▶ **DESCRIPTION OF THE TASK**: Only the lines below from the one that holds "Dit prachtig ontworpen" through the one that holds "格林威M20三进三出连接器 免螺丝照明端子防水接线器" should appear in the answer, copied exactly, end lines included and pictures omitted.
[RECORDS SHOWN Boundary: Start]
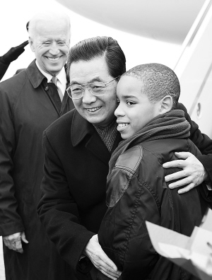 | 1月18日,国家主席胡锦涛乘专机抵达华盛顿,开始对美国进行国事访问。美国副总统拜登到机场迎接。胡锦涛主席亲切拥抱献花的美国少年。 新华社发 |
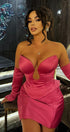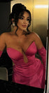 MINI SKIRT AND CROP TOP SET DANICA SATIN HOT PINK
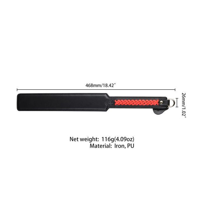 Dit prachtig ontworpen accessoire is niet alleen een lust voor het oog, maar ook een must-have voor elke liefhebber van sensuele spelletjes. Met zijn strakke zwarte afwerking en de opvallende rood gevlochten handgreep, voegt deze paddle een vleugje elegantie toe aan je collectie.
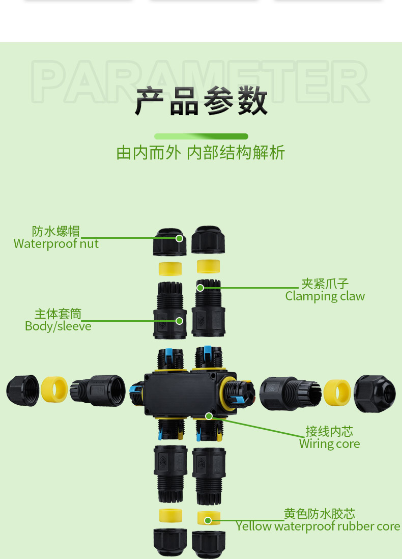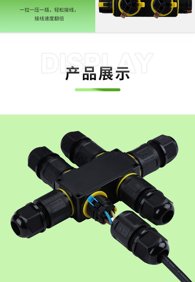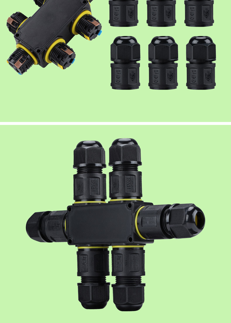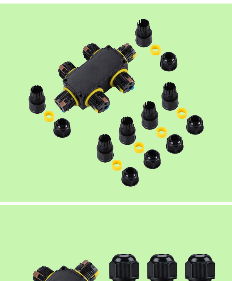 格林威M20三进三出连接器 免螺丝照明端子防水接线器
[RECORDS SHOWN Boundary: End]
[RECORDS SHOWN Boundary: Start]
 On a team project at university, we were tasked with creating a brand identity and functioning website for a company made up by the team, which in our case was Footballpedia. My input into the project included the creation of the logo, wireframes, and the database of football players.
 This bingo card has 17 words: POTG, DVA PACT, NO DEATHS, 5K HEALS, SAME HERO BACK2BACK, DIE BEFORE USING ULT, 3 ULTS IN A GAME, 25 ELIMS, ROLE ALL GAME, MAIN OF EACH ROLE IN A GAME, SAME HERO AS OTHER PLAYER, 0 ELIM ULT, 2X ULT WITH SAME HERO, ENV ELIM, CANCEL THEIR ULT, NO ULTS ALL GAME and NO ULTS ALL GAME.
[RECORDS SHOWN Boundary: End]
[RECORDS SHOWN Boundary: Start]
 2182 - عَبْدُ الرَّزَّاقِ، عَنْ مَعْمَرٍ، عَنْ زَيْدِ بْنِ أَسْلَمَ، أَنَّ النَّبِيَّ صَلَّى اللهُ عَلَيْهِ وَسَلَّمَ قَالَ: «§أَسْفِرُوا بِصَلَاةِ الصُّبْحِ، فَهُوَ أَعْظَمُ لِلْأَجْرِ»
[RECORDS SHOWN Boundary: End]
▶ **OUTPUT OF THE EXERCISE**:
 Dit prachtig ontworpen accessoire is niet alleen een lust voor het oog, maar ook een must-have voor elke liefhebber van sensuele spelletjes. Met zijn strakke zwarte afwerking en de opvallende rood gevlochten handgreep, voegt deze paddle een vleugje elegantie toe aan je collectie.
 格林威M20三进三出连接器 免螺丝照明端子防水接线器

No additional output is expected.